=== Exercise description ===
In the entries below, find the line with "Mutfak : Apartımızın" and the line with "Прихожая Дуэт, 1500х380х2000, Дуб"; copy them and every line between them exactly, but not the pictures.

=== The records ===
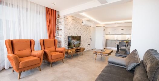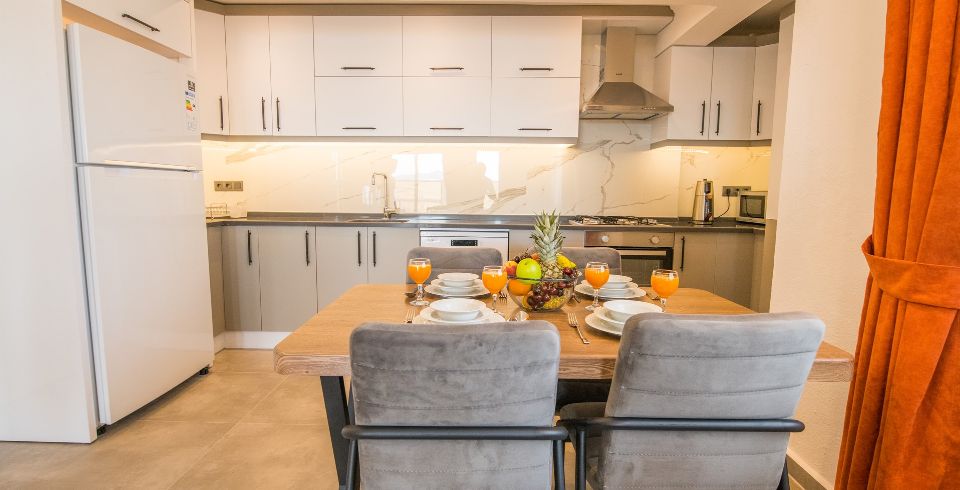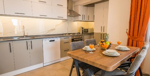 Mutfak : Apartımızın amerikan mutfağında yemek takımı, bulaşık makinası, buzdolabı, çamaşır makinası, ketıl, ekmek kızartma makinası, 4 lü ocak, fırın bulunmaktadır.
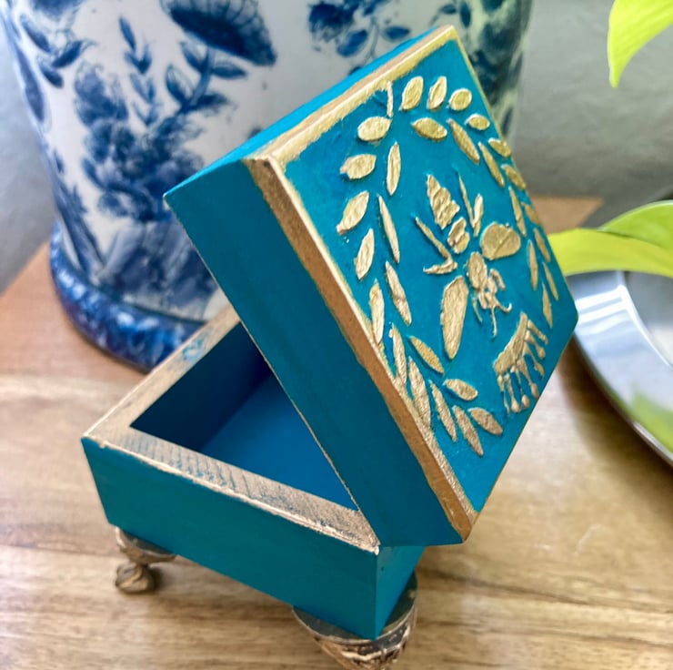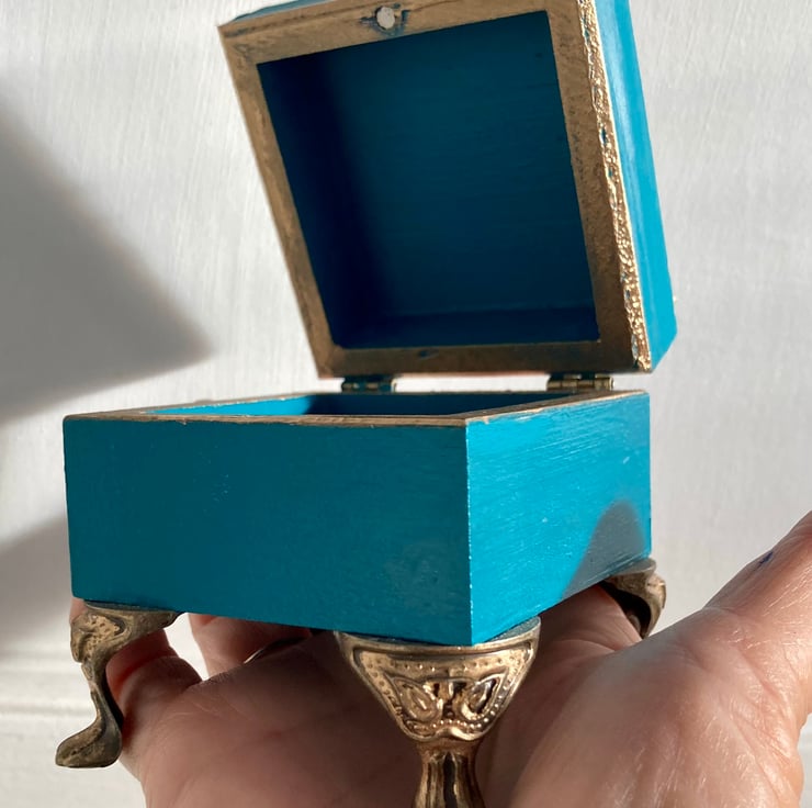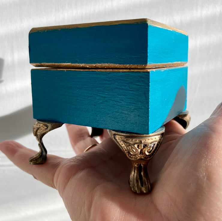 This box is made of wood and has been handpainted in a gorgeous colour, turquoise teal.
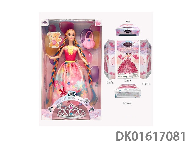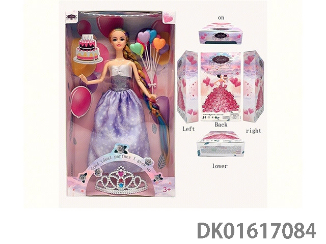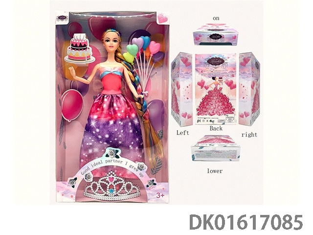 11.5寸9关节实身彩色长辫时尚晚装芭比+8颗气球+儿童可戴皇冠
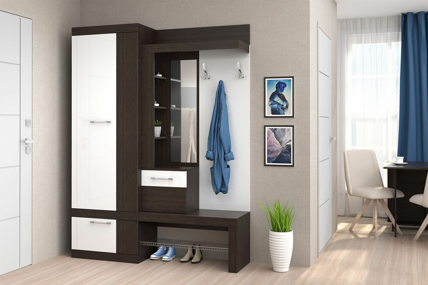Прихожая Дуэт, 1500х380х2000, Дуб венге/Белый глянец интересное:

==

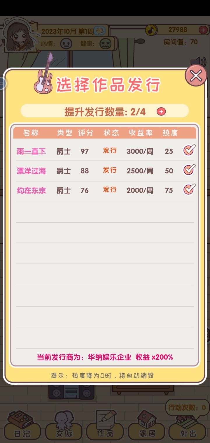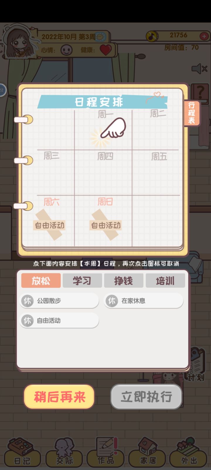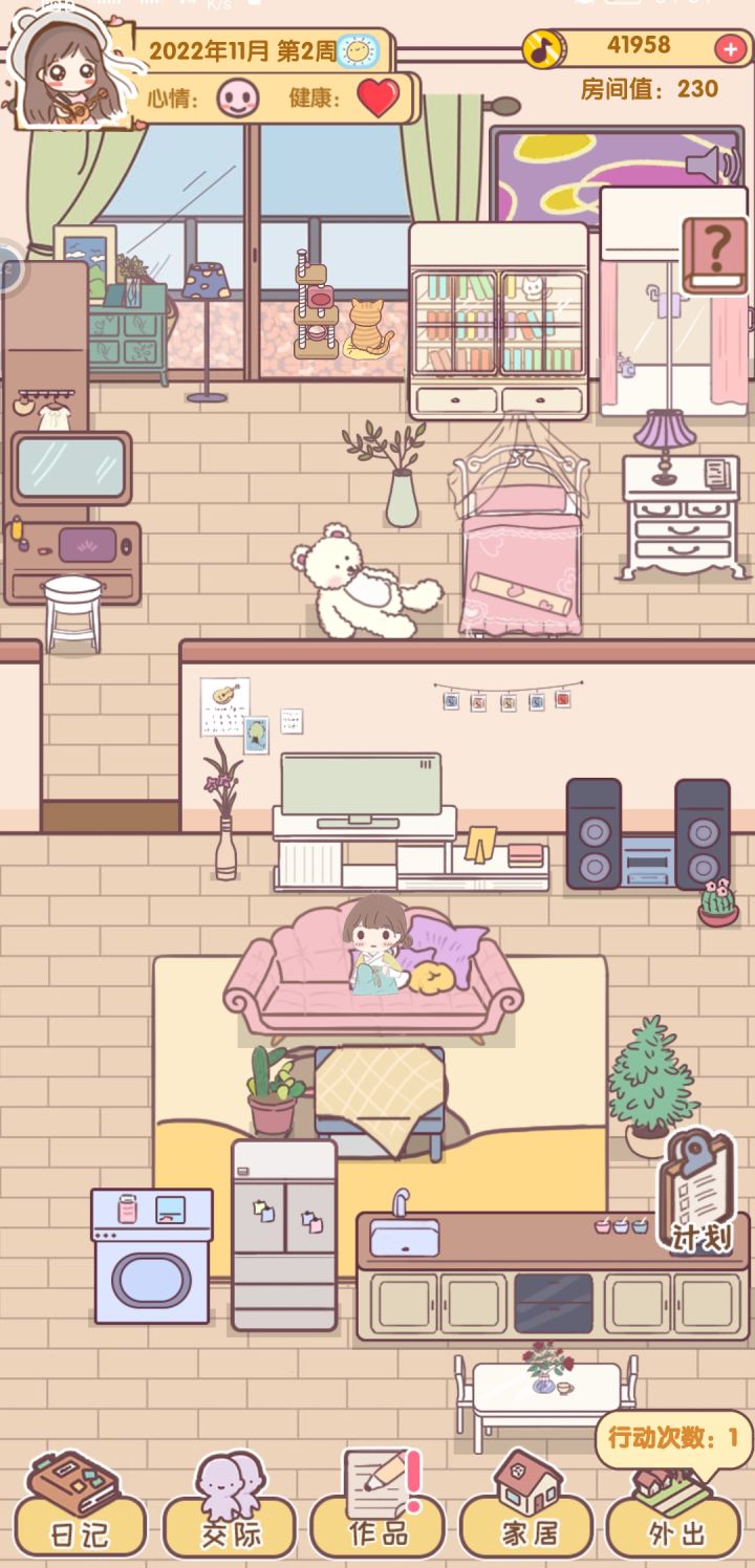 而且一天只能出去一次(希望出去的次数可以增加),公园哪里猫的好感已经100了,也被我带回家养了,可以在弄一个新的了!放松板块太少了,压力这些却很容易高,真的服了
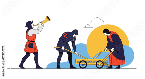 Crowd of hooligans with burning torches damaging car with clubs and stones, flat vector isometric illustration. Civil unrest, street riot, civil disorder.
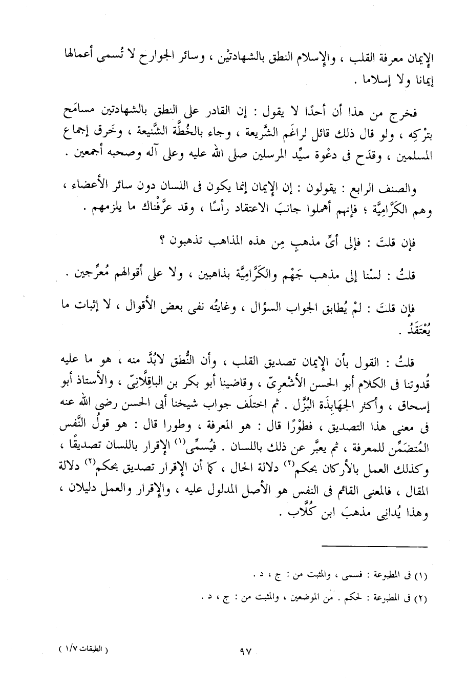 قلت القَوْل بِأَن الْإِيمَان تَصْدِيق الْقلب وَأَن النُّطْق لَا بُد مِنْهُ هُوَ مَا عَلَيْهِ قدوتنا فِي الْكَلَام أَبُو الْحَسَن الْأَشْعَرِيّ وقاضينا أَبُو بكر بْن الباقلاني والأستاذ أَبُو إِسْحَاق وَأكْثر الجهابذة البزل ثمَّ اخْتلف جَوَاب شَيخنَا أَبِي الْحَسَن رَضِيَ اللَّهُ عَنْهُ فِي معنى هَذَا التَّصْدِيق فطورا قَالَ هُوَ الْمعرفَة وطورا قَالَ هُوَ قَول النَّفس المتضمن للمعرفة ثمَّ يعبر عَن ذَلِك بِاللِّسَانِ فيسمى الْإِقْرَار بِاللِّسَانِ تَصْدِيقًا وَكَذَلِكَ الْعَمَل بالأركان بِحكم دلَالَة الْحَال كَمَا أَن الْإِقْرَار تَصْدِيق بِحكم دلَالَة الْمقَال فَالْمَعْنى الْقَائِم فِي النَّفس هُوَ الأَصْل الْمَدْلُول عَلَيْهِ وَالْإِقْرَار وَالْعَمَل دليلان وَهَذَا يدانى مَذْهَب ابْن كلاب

...

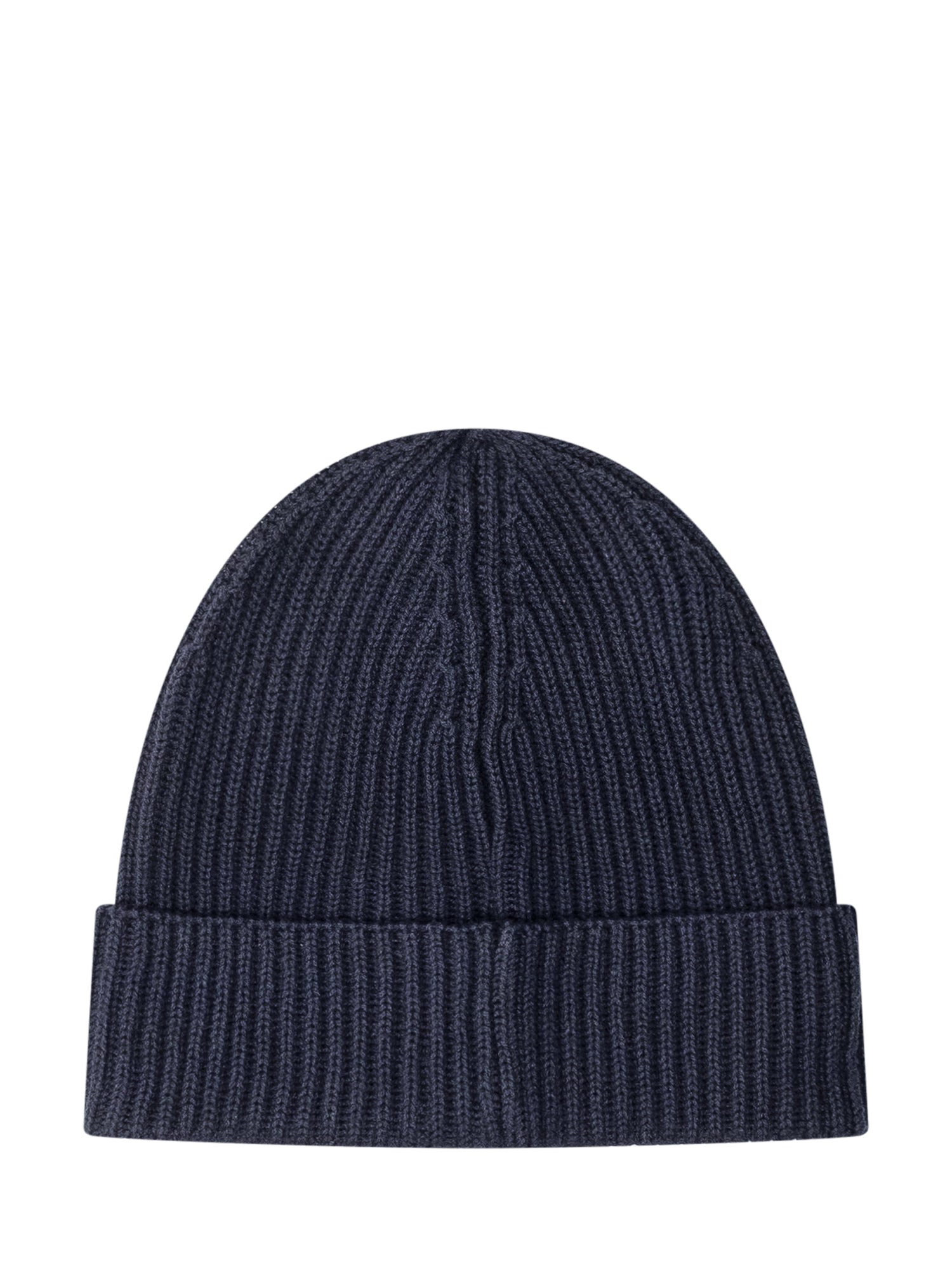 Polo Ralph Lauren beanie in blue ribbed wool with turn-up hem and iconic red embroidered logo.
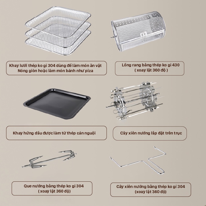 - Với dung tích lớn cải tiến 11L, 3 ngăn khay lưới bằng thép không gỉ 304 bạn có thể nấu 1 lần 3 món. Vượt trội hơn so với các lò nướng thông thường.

=== Task solution ===
 Mutfak : Apartımızın amerikan mutfağında yemek takımı, bulaşık makinası, buzdolabı, çamaşır makinası, ketıl, ekmek kızartma makinası, 4 lü ocak, fırın bulunmaktadır.
 This box is made of wood and has been handpainted in a gorgeous colour, turquoise teal.
 11.5寸9关节实身彩色长辫时尚晚装芭比+8颗气球+儿童可戴皇冠
Прихожая Дуэт, 1500х380х2000, Дуб венге/Белый глянец интересное:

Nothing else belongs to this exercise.